The proportion of our recent onset cases with mild cognitive impairment (MCI, 36.8% ) and dementia (9.8% ) is similar to the Oxford Discovery cohort, at a similar disease duration (MCI 40.5% , dementia 11.7% ) using similar methods [18]. These findings are consistent with the ICICLE-PD study which found MCI in 42.5% at baseline, in an incident cohort, using Movement Disorder Society level II criteria [56] that recommend cut-off scores of 1.5 SD below normal values [57]. Both results are higher than the Parkinson’s progression marker initiative (PPMI) study (average disease duration 6.5 months, untreated) [58] where 21.5% had MCI at baseline, 34.2% at 1 year, and 35.5% at 2 years, and may reflect different selection criteria.

Scores of daytime somnolence were similar to those reported in cohorts of a similar age (but generally with a longer disease duration), compared to our recent onset cases. Worse ESS scores correlate with more depression, higher disease severity, and higher doses of dopaminergic agents [59]. A correlation between daytime somnolence and cognitive impairment is also reported [60]. Our PD sleep scale (PDSS) scores in young onset cases (mean 91.8, SD 28.7) were slightly worse than those previously reported (mean 120.9, SD 20.0) [61]. While reports of a positive correlation between severity of sleep disturbance and motor severity are not uniform [62] some report such an association [26, 63]. The reported prevalence of RLS in PD is variable, ranging between 5.5 and 27% in European cohort studies [64], against which our rate was 28.3% in the young onset cases and 23.6% in recent onset cases, is at the higher end of this range.

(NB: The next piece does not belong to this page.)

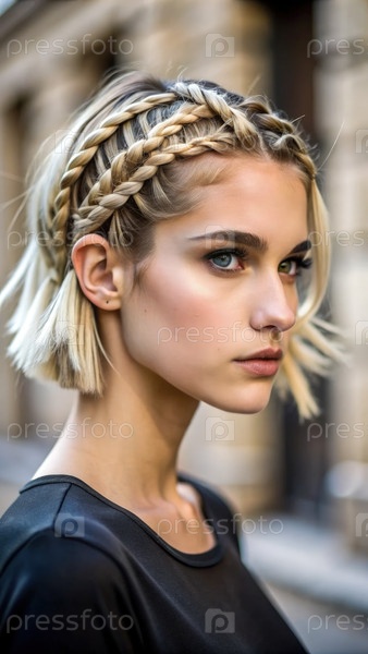 Модная короткая блондинка с пряжами на модной городской улице

Our SCOPA-AUT results lie between results found in newly diagnosed, drug naive patients [65] and those with a longer disease duration in cross-sectional studies [66, 67]. As well as disease duration, the prevalence and severity of autonomic symptoms have been associated with more severe impairments in motor symptoms, cognition, depression, sleep disturbance, psychiatric complications, and the prescription of dopaminergic drugs [68]. These factors may account for the higher scores seen in our young onset patients in all individual components of the SCOPA-AUT, except sexual function where recent onset patients reported a greater prevalence of such symptoms.

In keeping with previous reports, a proportion of our recent onset patients exhibited orthostatic hypotension (OH) early in the course of disease, as a marker of autonomic instability. Baseline autonomic dysfunction may serve as a predictor of cognitive impairment, with a systolic drop of >10 mmHg at baseline being associated with 7-fold increased risk of dementia at 4.4 years in a prospective study [69].

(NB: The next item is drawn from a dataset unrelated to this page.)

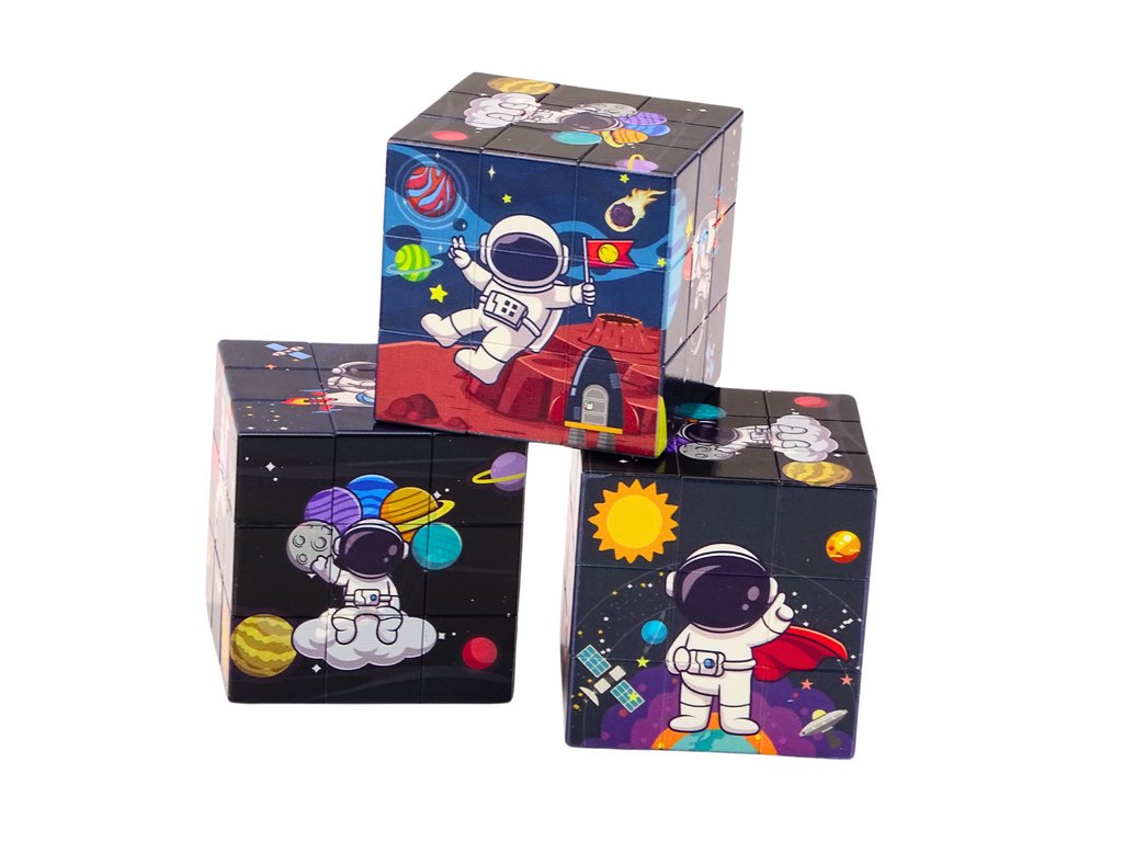 Hračka je magická kocka na skladanie, ktorá prenáša deti do sveta kozmu a zábavy. Každá strana kocky je ozdobená vzorom kozmonautov a planét a obsahuje 9 polí.

Constipation is of particular interest in PD, as one marker of autonomic involvement that may predate motor diagnosis [70, 71]. However around a quarter of our recent onset cases had 2 or more bowel motions per day (without laxative use), indicating that constipation is not a universal feature, even after the diagnosis of PD. Our results are consistent with the finding that the majority of PD patients have only mild colorectal symptoms [72].

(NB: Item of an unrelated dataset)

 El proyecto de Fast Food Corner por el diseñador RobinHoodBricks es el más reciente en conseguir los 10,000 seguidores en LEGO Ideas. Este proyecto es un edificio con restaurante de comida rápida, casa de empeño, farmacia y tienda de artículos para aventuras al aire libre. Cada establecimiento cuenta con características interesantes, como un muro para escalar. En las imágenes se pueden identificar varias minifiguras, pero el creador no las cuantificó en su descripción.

Non-motor symptoms such as constipation, depression, restless legs, particularly when they cluster together are now well recognised as early clinical markers of PD but given that the majority of our patients reported motor symptoms as a presenting feature, the inclusion of motor assessments in studies designed to identify ‘at risk’ subjects would be appropriate.

Limitations

One limitation of the study design is that comparison of recent onset and young onset groups will inevitably show differences because of different disease duration. We included a young onset population primarily to enrich the proportion with known genetic mutations, given the involvement of siblings and the genetic focus of the study. While statistically correcting for age, gender and disease duration would aid some comparisons, it has limited capacity to correct for evolution of disease characteristics over time.